The South Dakota Sports Hall of Fame is dedicated to the preservation, documentation and display of South Dakota's sports history.

Gary Schwartz - Inducted 2010



An all-state football player at Wessington Springs, Schwartz was thinking about playing the sport in college. All that changed in a flash at the 1962 Howard Wood Dakota Relays.

The 6-foot-1, 185-pounder's discus throw of 190 feet, 7 1/2 inches was the best prep throw in the nation at the time that year and broke the meet record by almost 30 feet. It also broke his old state record of 173-1 set the year before. He also set the state record in the shot put (56-1 1/4).

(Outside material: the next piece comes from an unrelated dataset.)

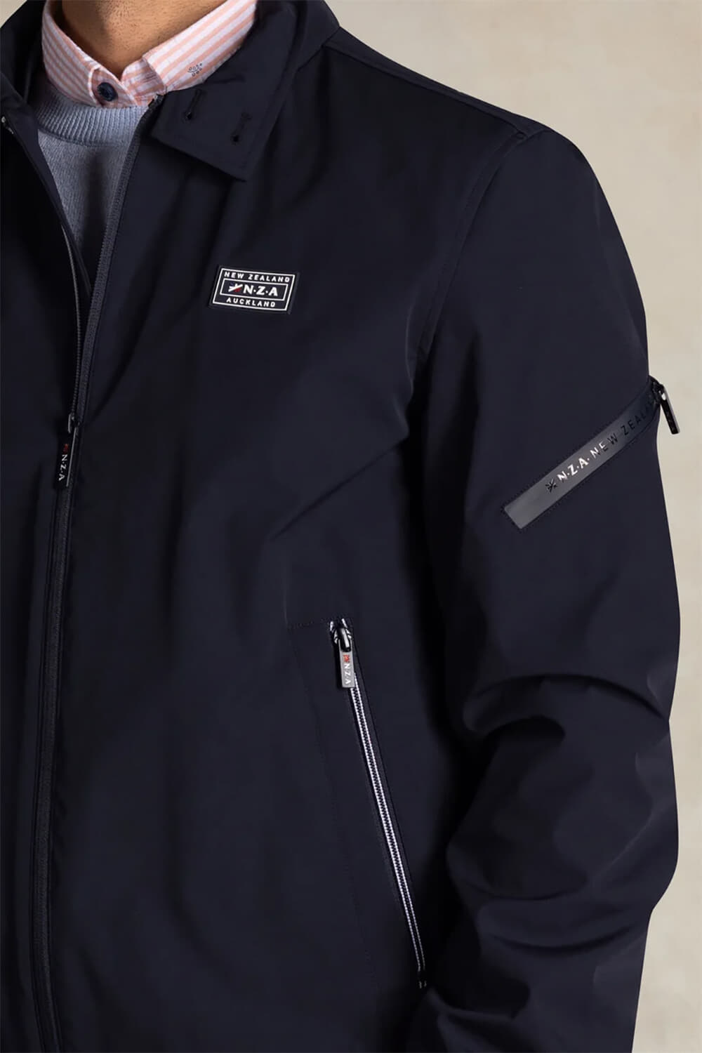 De jas van Nza is een casual heren jas met een opstaande kraag en comfortabele pasvorm. Deze softshell heeft zakken op de voorzijde, lange mouwen met ribgebreide boorden, en een handige ritssluiting. Perfect voor een modieuze en functionele look.

Schwartz was named the South Dakota Prep Athlete of the Year for 1962. He and Wilma Rudolph were selected to carry the torch in the opening ceremonies for the 1962 NAIA national meet in Sioux Falls.

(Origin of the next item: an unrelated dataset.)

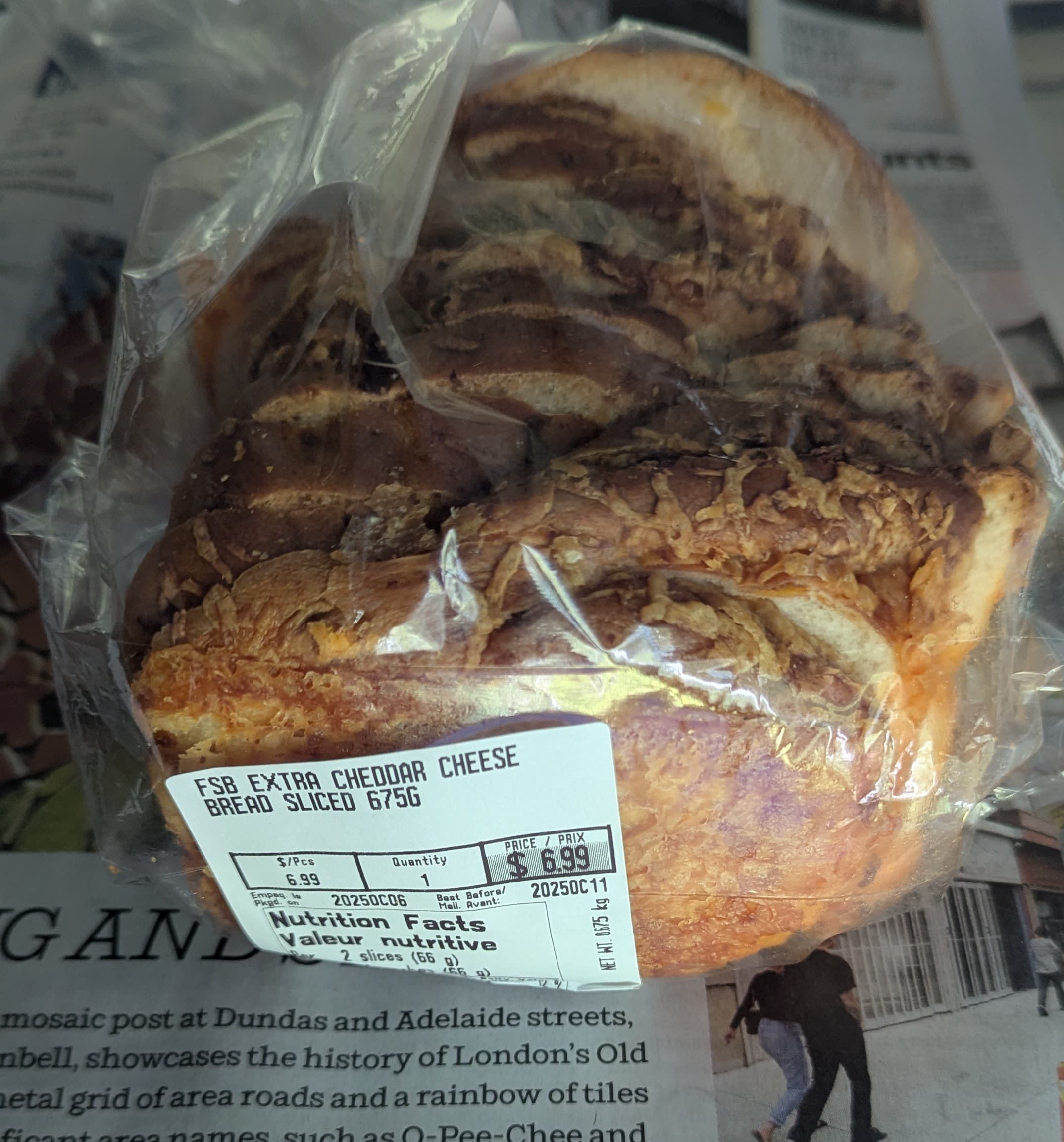 I also like toasted Ontario cheese bread with unsalted butter and a pinch of sea salt. Toasted Ontario cheese bread with butter was my breakfast today.

In college, Schwartz helped Kansas to three Big Eight titles and was conference discus champ as a junior.

Then began a 34-year cross country/track and field coaching career that earned him 10 region coach of the year awards as well as the NCAA Division I National Outdoor Track & Field Coach of the Year honor in 1983. In 21 years as a head coach, his athletes earned 133 All-American honors, he coached six top-4 teams at the NCAA Championships and he coached eight Olympians. He served on four coaching staffs for U.S. teams in international competition - in Spain, England, Belgium and Canada - and he also was a coach at the National Sports Festival in 1982 and '83.

Schwartz was an assistant at Ohio University, Massachusetts, Army and Penn State before becoming Penn State's head women's cross country and track coach in 1979, a position he held for five years. He then was the coach at Tennessee for four years (1984-88) and Kansas for 12 (1988-2000).

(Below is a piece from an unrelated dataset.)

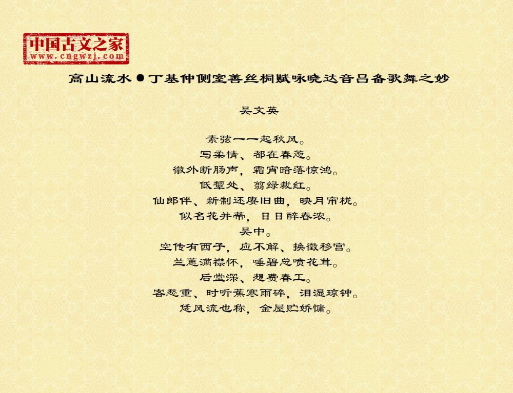 高山流水·丁基仲侧室善丝桐赋咏晓达音吕备歌舞之妙

He was president of the U.S. Track Coaches Association from 1992-96 and served on various national committees from 1980-2005. He was the meet director for the 1998 NCAA cross country meet.

Schwartz has been an athletic administrator at the University of Arkansas since 2002. He was the technical director for the 2009 NCAA Division I outdoor track championships and has had the same duties for nine NCAA indoor championships - all at Arkansas. He currently is the coordinator of events for Razorback athletics.